Copypasta from here. Your mileage may vary, though - I believe some people feel distressed by their vulnerable function used even in appropriate context, and some can tolerate it even in an ambiguous situation.

[HR][/HR]"Quadra values" is one of many socionics terms that is repeated often and yet understood little. I would like to venture a technological explanation of the term that will also help to clarify some of the roots of intertype relations.


Everyone acknowledges all socionic functions and believes they have a rightful place in life. For instance, who would object that people in a competition are trying to beat each other? Or who believes that people should never get mushy and sentimental when they're in love with someone? Or that people whose job it is to forecast should not speculate? No one objects when Alex Trebek (Jeopardy game show) bluntly tells people on his show that they are "incorrect." These are approaches that are inherent to the activity.


Thus, if your conflictor is ESE and you are exposed to him or her using Fe in an Fe situation, it probably won't bother you, even though is your "vulnerable function." What will bother you are uses of Fe in ambiguous situations or, even more importantly, in situations where you feel a different approach is more justified.


What differs fundamentally among quadras and types are responses to situations where a socionic function is being used outside the inherent domain of that function. For example, being robotlike in an interpersonal situation that demands sympathy and warmth, or appealing to personal sentiments in the context of scientific discourse. Or being overly individualistic and attention-getting when cooperation and trustworthiness are called for. If Alex Trebek continued to routinely tell people they are incorrect outside of his game show, many people would view him as being callous and rude (however, most duals will probably view this is a sign of admirable honesty and sincerity), even though it is perfectly acceptable in the context of Jeopardy.
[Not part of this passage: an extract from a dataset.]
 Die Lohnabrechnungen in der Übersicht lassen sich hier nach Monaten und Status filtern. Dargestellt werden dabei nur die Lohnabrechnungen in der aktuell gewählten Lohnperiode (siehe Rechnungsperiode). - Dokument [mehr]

Basically, if the function that is "overstepping" its bounds belongs to the quadra values (the four valued functions of the quadra, corresponding to the four base functions represented in the quadra), it is viewed as a "minor weakness," a "good joke," or a "sign of sincerity." If the function, however, is not among the quadra values (i.e. is one of the four "suppressed" functions), then overstepping the natural bounds of that function is viewed as "showing off," or as something counterproductive, malicious, or even sinister. 
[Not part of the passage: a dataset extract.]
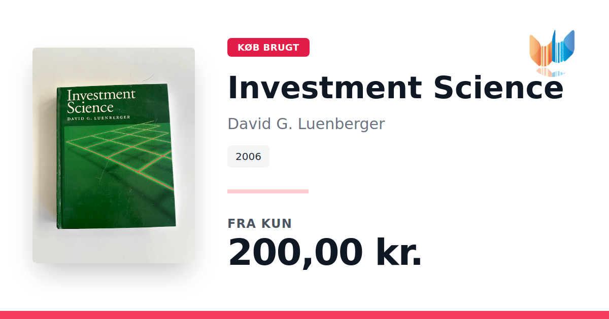 Lige nu kan du købe "Investment Science" af David G. Luenberger til kun 200,00 kr. Bogen du ser her er brugt, og i god stand. Vi har i øjeblikket kun et enkelt eksemplar til salg af "Investment Science", så slå til mens du kan!

Naturally, people view their own leading function as the most benign thing in the world and don't see anything wrong with applying it freely to just about anything. Then comes the suggestive function, which they may learn to grant the same range of expression (in others, at least) as they grant themselves in their leading function. Everything else, though, needs to be cropped, caged, and harnessed to make way for the free expression of these functions. So, while an ILE grants free reign in applying Ne and (if he's lucky) Si to nearly anything in the world, he sincerely believes Fi must be limited to Mother's Day cards and eulogies. When he oversteps the natural bounds of Ne, it's just "practice" or "fun and games," but one someone else oversteps the natural bounds of Fi, it's a deadly sin. 


So, to recap, peoples' negative reactions to use of certain functions occurs when they perceive someone to be applying the wrong function for the situation. There's nothing inherently negative about one's vulnerable function; one is just particularly sensitive to overuse of this type of activity or approach.


"Dyad values"
Values differ somewhat within quadras as well. For instance, in Beta Quadra, the LSI and EIE dyad (dual types) are more forgiving of overdoing things with Ti and Fe and a little less tolerant of overdone Se and Ni, though they still remain generally sympathetic. 


Application
I believe this explanation has some constructive applications. For instance, if you want to avoid conflict, then try to resist natural, lazy impulses to overstep the natural bounds of your Ego functions, and instead try to appreciate (and possibly learn) the "best practices" inherent to each area you venture into rather than compulsively applying your leading function behavior to everything you see. Other types will be sure to point out your "errors."


----------



## HKitty (Oct 11, 2013)

I'm just typing this to save this thread.. a more in-depth response is pending.


----------